C’est pourquoi ce dernier mantra renchérit sur le précédent en invoquant expressément cette grâce. Tout d’abord en reconnaissant la suprématie du Maître de l’univers – soulignée dès le début de l’Upanishad –, puis en faisant appel à sa bienveillance pour éliminer les dernières entraves qui nous séparent encore de lui. Bienveillance qu’il ne refuse à aucune âme sincère désireuse de se défaire de sa conception matérielle de l’existence et de réintégrer la dimension spirituelle qui est intrinsèquement sienne, sous le signe de l’éternité, du savoir et de la plus haute félicité qui soit.

Abandon salutaire

L’abandon au Seigneur exprimé dans ce mantra représente la perfection de l’existence. S’il est une chose au monde qu’aucune âme incarnée ne souhaite faire, c’est de s’abandonner à qui que ce soit. Conditionnés par nos désirs et nos attachements, nous voulons rester maîtres de notre destinée, libres de satisfaire nos sens et de poursuivre nos ambitions sans laisser personne nous dicter notre conduite. Mais c’est précisément cet orgueil mal placé qui nous maintient prisonniers du cycle des naissances et des morts répétées, en proie aux souffrances inhérentes au monde de la matière.

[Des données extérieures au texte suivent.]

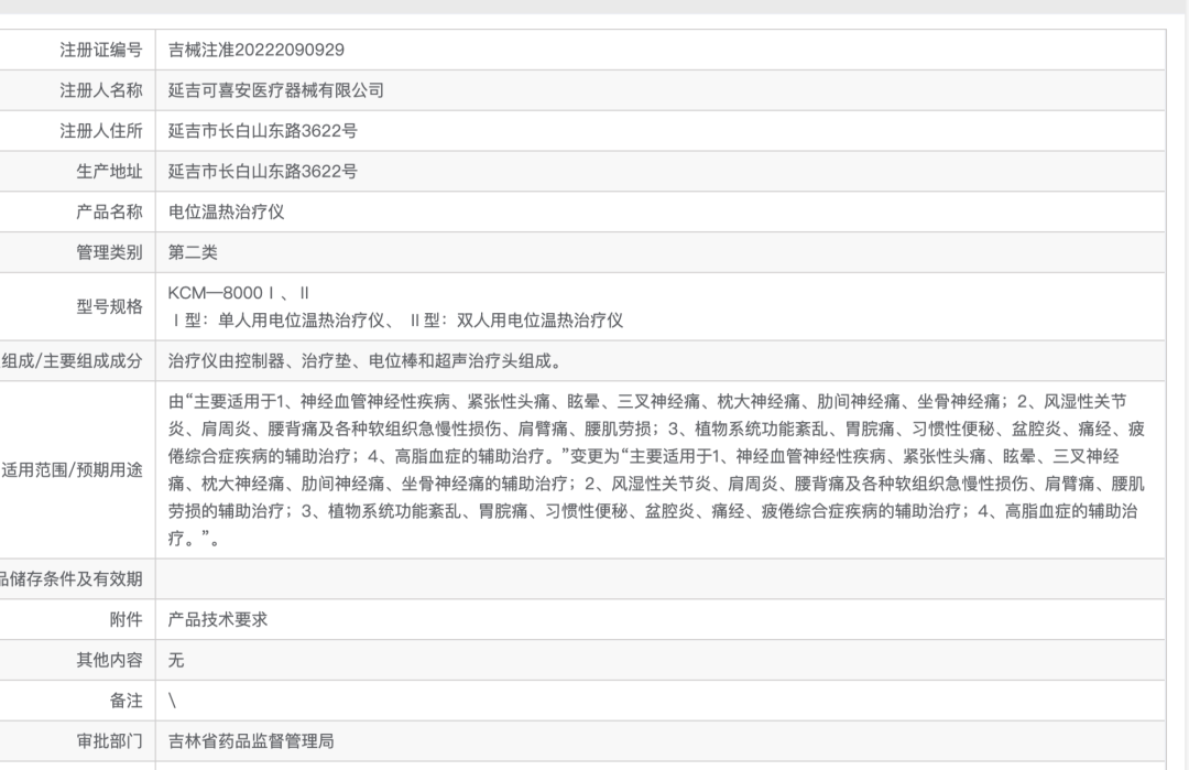 ▲国家药品监督管理局官网,可喜安电位温热治疗仪的医疗器械注册证信息显示,该产品对某些疾病具有辅助治疗的作用。网页截图

C’est uniquement lorsqu’on en vient à comprendre qu’on ne s’affranchira jamais seul de ces chaînes qu’on parvient à s’abandonner au Seigneur et à se laisser guider par lui. Dès lors qu’on franchit ce pas s’amorce une démarche ponctuée de réalisations de plus en plus riches et profondes, jusqu’à ne plus vouloir, par gratitude, que servir le Divin de tout son être. C’est à cette aventure suprême que nous convie la reine des Upanishads en balisant la voie qui mène à l’abandon ultime de soi dont il est ici question.

Abandon de soi ne veut pas dire négation de soi, mais plutôt abandon du sentiment on ne peut plus erroné que je suis seigneur et maître des êtres et des choses qui m’entourent, alors qu’une once de réflexion suffit pour comprendre que je ne contrôle rien du tout. L’abandon de soi au Tout-puissant se traduit ainsi par la libération de toutes les fausses conceptions qui m’empêchent d’arriver à mes fins les plus chères et les plus intimes.

Le seuil à franchir

L’humilité que requiert un tel abandon marque non pas l’aboutissement de notre quête, mais bien l’entrée de la réalisation spirituelle. L’Isha Upanishad est en effet construite de manière à nous conduire au seuil de ce majestueux édifice qu’est la pleine réalisation de soi.

Seule l’humilité qui sous-tend l’abandon de soi au Suprême peut nous permettre d’entendre la voix du Seigneur qui guide nos pas du fond de notre cœur. Et cette humilité seule donne accès au bonheur indicible que procure le service désintéressé et empreint d’amour du Seigneur des seigneurs. C’est pourquoi l’Upanishad se termine sur cette prière d’abandon, comme pour nous insuffler le sentiment propre à nous inspirer à franchir le seuil où elle nous a conduits.

Le savoir védique, dont celui que renferme cette Upanishad, dépasse toutes les connaissances que nos systèmes d’éducation matériels peuvent avoir à nous transmettre. On ne peut de ce fait saisir pleinement le sens des mantras védiques que par la grâce de Dieu et des sages guides spirituels qui en sont les porte-parole. En nous conduisant au seuil de la réalisation spirituelle, la reine des Upanishads nous invite donc non seulement à tendre l’oreille aux propos du Seigneur en nous, mais aussi à ceux de ses dignes représentants pour guider nos pas sur le chemin de la transcendance.

Ensemble, les textes védiques, le maître spirituel et le Seigneur en personne surchargent le spiritualiste d’une énergie spirituelle qui purifie sa vision du monde et de lui-même, et l’assure d’atteindre la perfection de l’existence pour peu qu’il reste à l’écoute de ces voix convergentes et harmoniques. Puissions-nous donc en tirer plein parti, de tout cœur et sans réserve.